10. A student starting from his house walks at a
speed of 2 1/2 km/hour and reaches his school 6
minutes late. Next day starting at the same time
he increases his speed by 1 km/hour and reaches
6 minutes early. The distance between the school
and his house is
(a) 4 km
(b) 3 1/2 km
(c) 1 3/4 km
(d) 6 km​

Answer 1

• To find : The distance between the school and his house

Solution :

Speed of a student = 2 ½ km/h = 5/2km/h

★ A student reaches his school 6 minutes late.

Consider the time be x

• 60min = 1 hour

Time = (x + 6) min = (x + 6/60) = (x + 1/10)h

• As we know that

★ Speed = distance/time

• Consider the distance be y

$\implies \sf \dfrac{5}{2} = \dfrac{y}{ x + \dfrac{1}{10}}$

$\implies \sf \dfrac{5}{2} = \dfrac{y}{ \dfrac{10x + 1}{10} }$

$\implies \sf \dfrac{5}{2} = y \times \dfrac{10}{10x +1}$

$\implies \sf \dfrac{5}{2} = \dfrac{10y}{10x +1}$

$\implies \sf 5(10x +1) = 20y$

$\implies \sf 50x +5=20y$

$\implies \sf 50x - 20y = - 5 \: \: \: \bf(Equation \: 1)$

★ Next day starting at the same time, he increases his speed by 1 km/hour and reaches 6 minutes early.

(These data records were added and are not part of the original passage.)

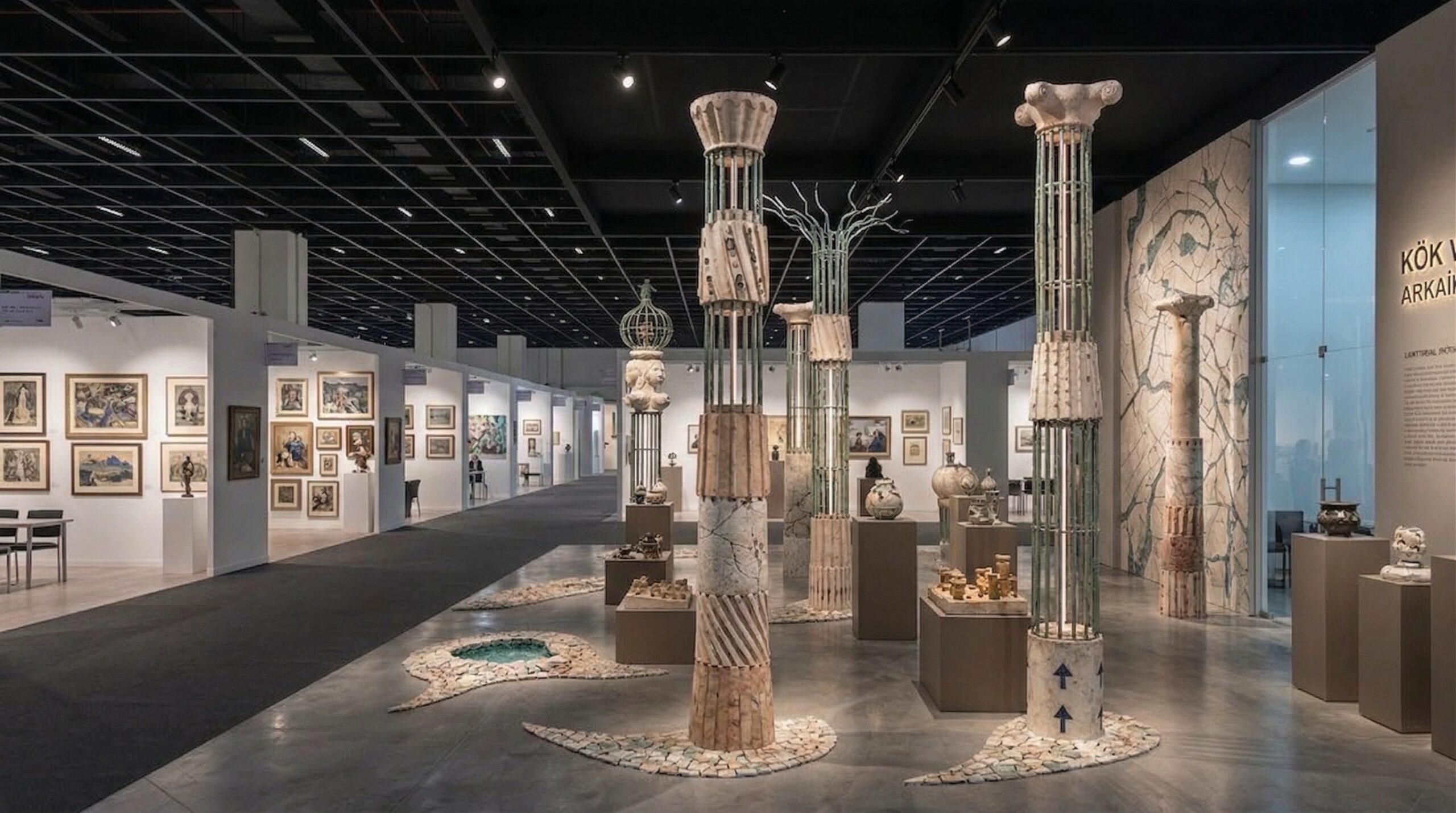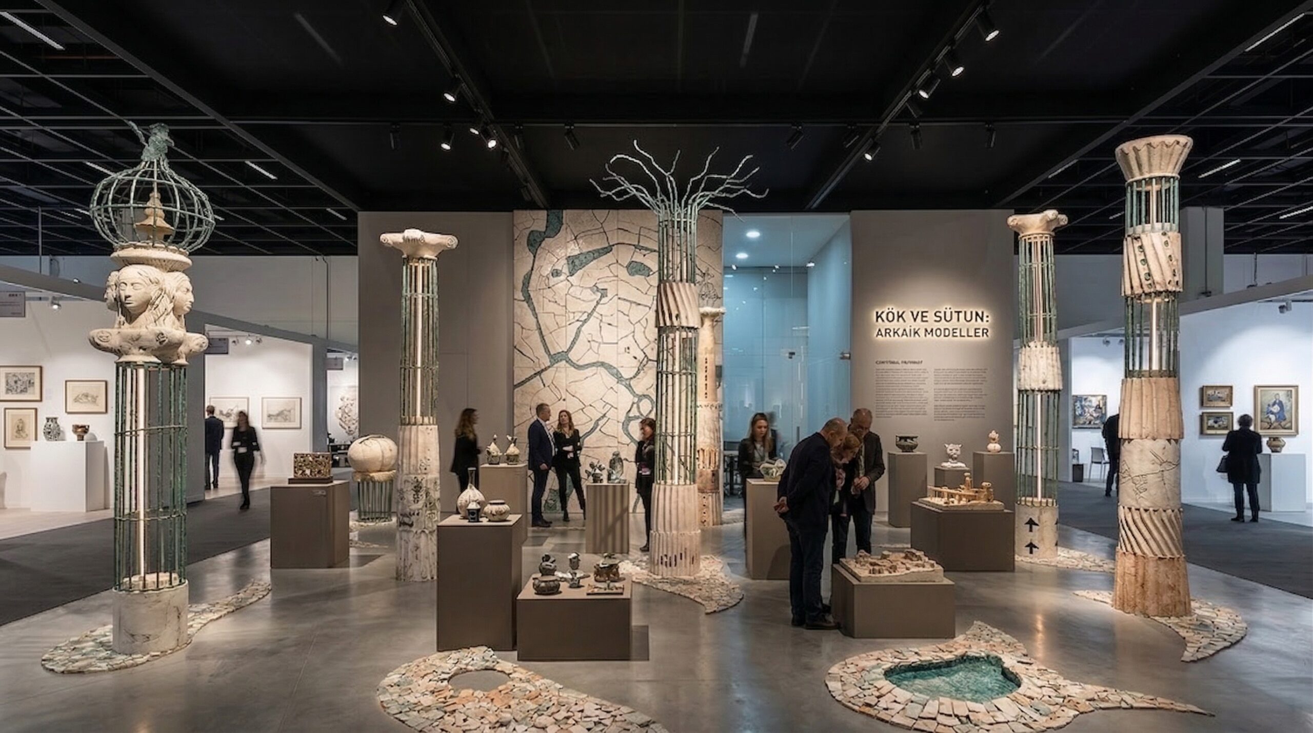 Arkeolojik referansları çağdaş sergileme diliyle yeniden yorumlayan bu fuar/sergi tasarımı, mekân içinde heykelsi kolonlar ve merkezi yerleştirmeler aracılığıyla güçlü bir anlatı kurgusu oluşturur. Farklı yüksekliklerde konumlandırılan strüktürel elemanlar, ziyaretçiyi yönlendiren bir dolaşım aksı tanımlarken; her bir obje kendi mikro sahnesi içinde sergilenir.
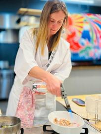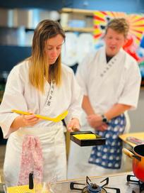 We headed back to the hotel to properly check in before our cooking class. The cooking class was just a few minutes down the road and we had worked up an appetite by the time we arrived. Our chef for the evening was called Seiji and we were the only students. We put on our chef aprons, chose our fancy knives to use, and had a blast for the evening! We learnt how to make a proper Japanese folded omelette, a dashi broth, some super tasty sushi, a delicious local stew, and an easy green salad. The food was super scrumptious, especially the flambéd scallop sushi! With full bellies we retired back to the hotel and are super glad we have the recipes!
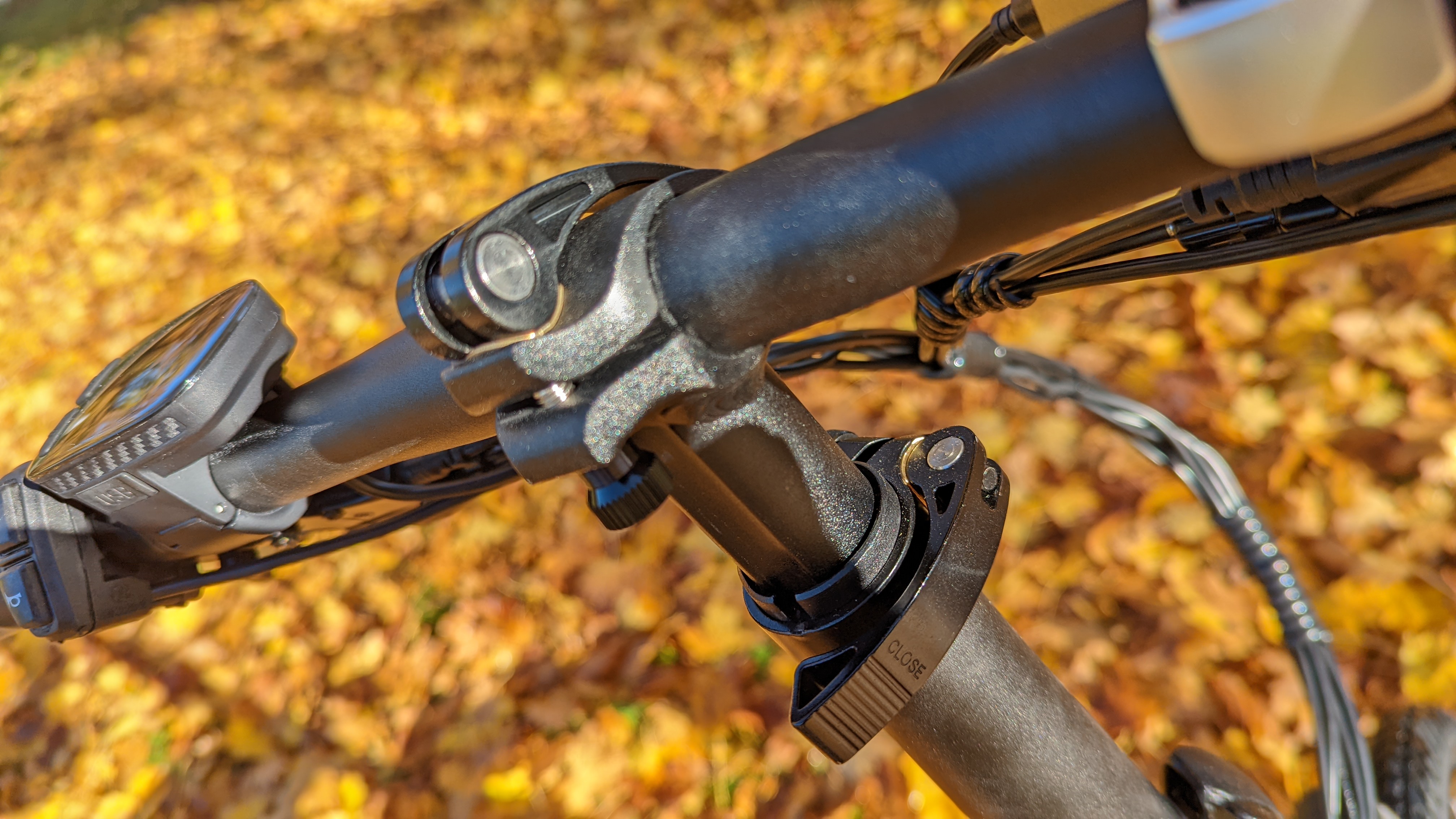 Das Kabelmanagement ist nicht schön gelöst. So bündelt Fiido alle acht von Lenker abgehenden Kabel in einem Strang, der im weiten Bogen vor der Lenkstange nach unten führt und überwiegend unter der Rahmenquerstange nach hinten geleitet wird. Dies ist der Konstruktion geschuldet. Hätte Fiido die Kabel in der Lenkstange verstecken wollen, wäre diese nicht mehr höhenverstellbar gewesen. Der große Bogen ist nötig, damit die Lenkstange zusammenklappbar bleibt.
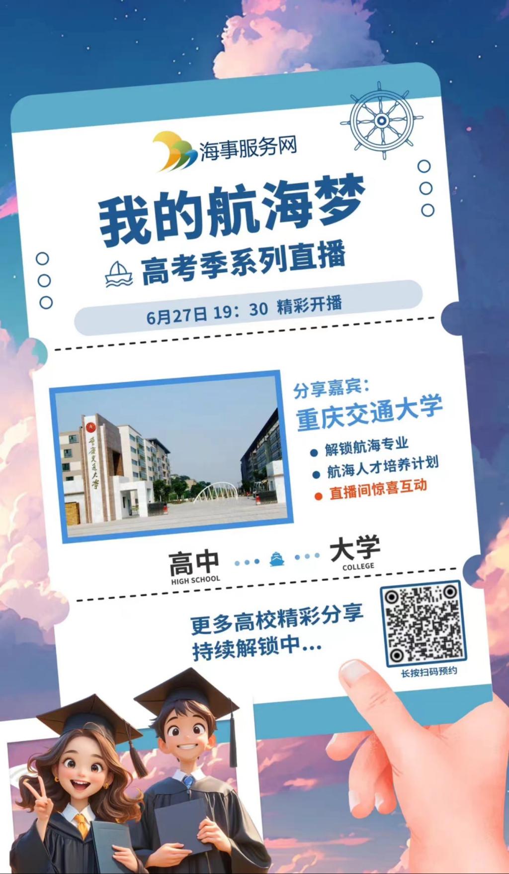 在高考志愿填报的关键时期,由海事服务网精心策划的“我的航海梦”高考季系列直播活动于6月27日晚19:30迎来了高潮——伟德国际victor1946深度分享专场。本次直播活动不仅吸引了来自大连海事大学、上海海事大学等国内顶尖航海类院校的积极参与,伟德国际victor1946航运与船舶工程学院也应邀并积极参与了该项活动,为怀揣航海梦想的学子们点亮前行的灯塔。
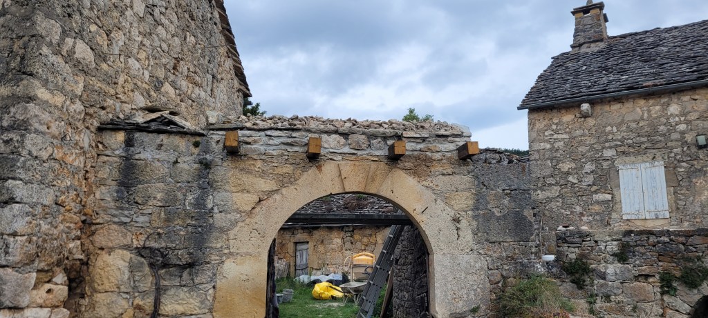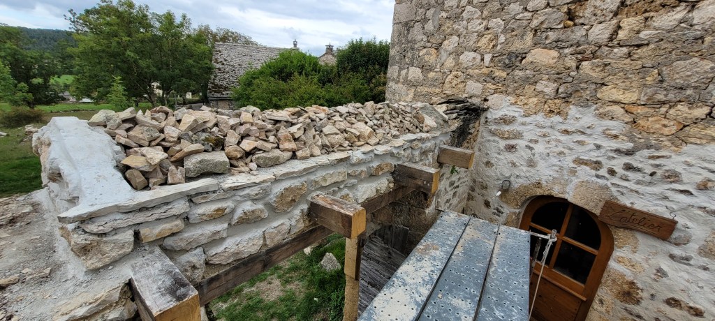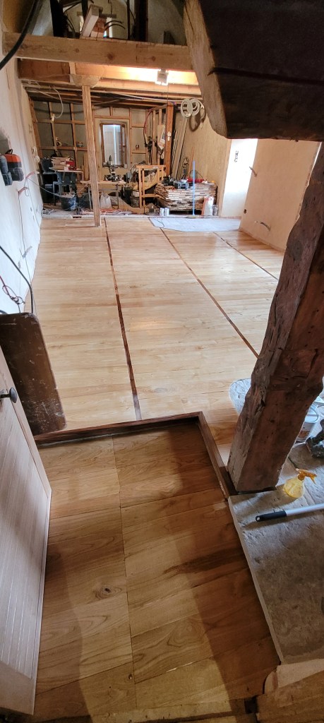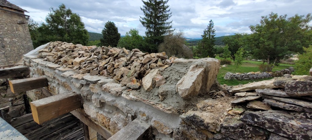 les nuits s’allongent , le temps se gâte , un avant gout d’automne …mais pas encore de cèpes !! cela ne saurait tarder . Steph est monté réparer nos bêtises de l’été, carreaux de la porte du salon pétés cet été pendant la chute de la porte , dégondée pour faire le parquet du palier …. du coup quitte à etre dans le salon , on en a profité pour passer le fond dur sur le parquet, impeccable! la journée du samedi s’est terminée dehors sur l’échafaud pour continuer le porche, bientôt les lauzes !!!
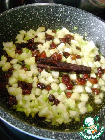 Разогреть в сотейнике топленое масло. Выложить сельдерей и изюм. Обжарить с палочкой корицы до легкой золотистости.

$\implies \sf \dfrac{5}{2} + 1 = \dfrac{y}{ x - \dfrac{1}{10}}$

$\implies \sf \dfrac{5 + 2}{2} = \dfrac{y}{\dfrac{10x - 1}{10}}$

$\implies \sf \dfrac{7}{2} = \dfrac{10y}{10x - 1}$

$\implies \sf 7(10x - 1) = 20y$

$\implies \sf 70x - 20y = 7 \: \: \: \bf(Equation \: 2)$

• Subtract both the equations

→ 50x - 20y - (70x - 20y) = -5 - 7

→ 50x - 20y - 70x + 20y = - 12

→ - 20x = - 12

→ x = 12/20 = 3/5

• Put the value of x in eqⁿ (1)

→ 50x - 20y = - 5

→ 50 × 3/5 - 20y = - 5

→ 30 - 20y = - 5

→ 30 + 5 = 20y

→ 35 = 20y

→ y = 35/20 = 7/4

→ y = 1 3/4 km

•°• The distance between school and house is 1 3/4 km.

Answer 2

Answer:

Given :-

• A student starting from his house walks at a speed of 2 ½ km/h and reaches his school 6 minutes late.
• Next day starting at the same time he increases his speed by 1 km/h and reaches 6 minutes early.

To Find :-

• What is the distance between the school and his house.

Solution :-

Let,

$\mapsto$ The time be x

$\mapsto$ The distance be y

Now,

$\implies \sf Speed_{(Student)} =\: 2\dfrac{1}{2}\: km/h$

$\implies \sf Speed_{(Student)} =\: \dfrac{4 + 1}{2}\: km/h$

$\implies \sf \bold{\green{Speed_{(Student)} =\: \dfrac{5}{2}\: km/h}}$

Now, let's find the time :

$\implies \sf Time =\: (x + 6)\: minutes$

$\implies \sf Time =\: \bigg(x + \dfrac{\cancel{6}}{\cancel{6}0}\bigg)\: hours\: \: \bigg\lgroup \sf\bold{1\: minutes =\: \dfrac{1}{60}\: hours}\bigg\rgroup$

$\implies \sf \bold{\green{Time =\: \bigg(x + \dfrac{1}{10}\bigg)\: hours}}$

Now, as we know that :

$\clubsuit$ Speed Formula :

$\mapsto \sf\boxed{\bold{\pink{Speed =\: \dfrac{Distance}{Time}}}}$

According to the question by using the formula we get,

$\implies \sf \dfrac{5}{2} =\: \dfrac{y}{\bigg(x + \dfrac{1}{10}\bigg)}$

$\implies \sf \dfrac{5}{2} =\: \dfrac{y}{\bigg(\dfrac{10x + 1}{10}\bigg)}$

$\implies \sf \dfrac{5}{2} =\: \dfrac{y}{1} \times \bigg(\dfrac{10}{10x + 1}\bigg)$

$\implies \sf \dfrac{5}{2} =\: \dfrac{10y}{10x + 1}$

By doing cross multiplication we get,

$\implies \sf 5(10x + 1) =\: 2(10y)$

$\implies \sf 50x + 5 =\: 20y$

$\implies \sf 50x - 20y =\: - 5$

$\implies \sf\bold{\purple{50x - 20y =\: - 5\: ------\: (Equation\: No\: 1)}}$

Again,

$\mapsto$ Next day starting at the same time he increases his speed by 1 km/h and reaches 6 minutes early.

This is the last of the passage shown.